# Data Preparation
In the first phase of Coursera project, I explored the data to surge each column, their data type, their distribution, and the extent of their possible contirbution in predicting the retention of each user. In the second phase of Coursera project, I prepare the data for modeling. At this point, our data has no null values and any duplicates. In this phase I dummify the categirical values and remove the columns that didn't show to be any predictive of the target variable.

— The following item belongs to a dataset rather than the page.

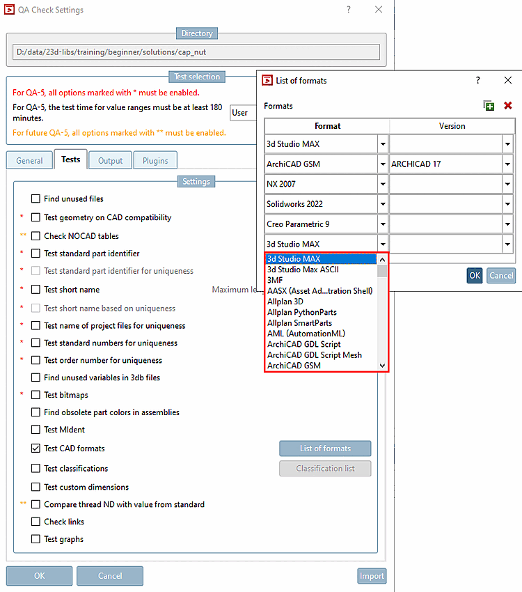 In the QA Check Settings dialog, under Test CAD formats -> Format list [List of formats], the formats are now displayed in alphabetical order.

## Import Required Packages

In [5]:
# Standard Python packages
from math import sqrt
import pickle

# Data packages
import pandas as pd
import numpy as np

# Visualization Packages
from matplotlib import pyplot as plt
import seaborn as sns
%matplotlib inline

# Statisticsl inference package
from scipy import stats
from scipy.stats import t, chi2, norm, f

# Machine Learning / Classification packages
from sklearn.preprocessing import StandardScaler, OneHotEncoder
from sklearn.model_selection import train_test_split
from sklearn.linear_model import LogisticRegression
from sklearn.metrics import classification_report, accuracy_score, precision_score, \
recall_score, f1_score, confusion_matrix, ConfusionMatrixDisplay, roc_auc_score


In [3]:
# Open pickled model
with open('Data//coursera data.pickle', 'rb') as file:
    df = pickle.load(file)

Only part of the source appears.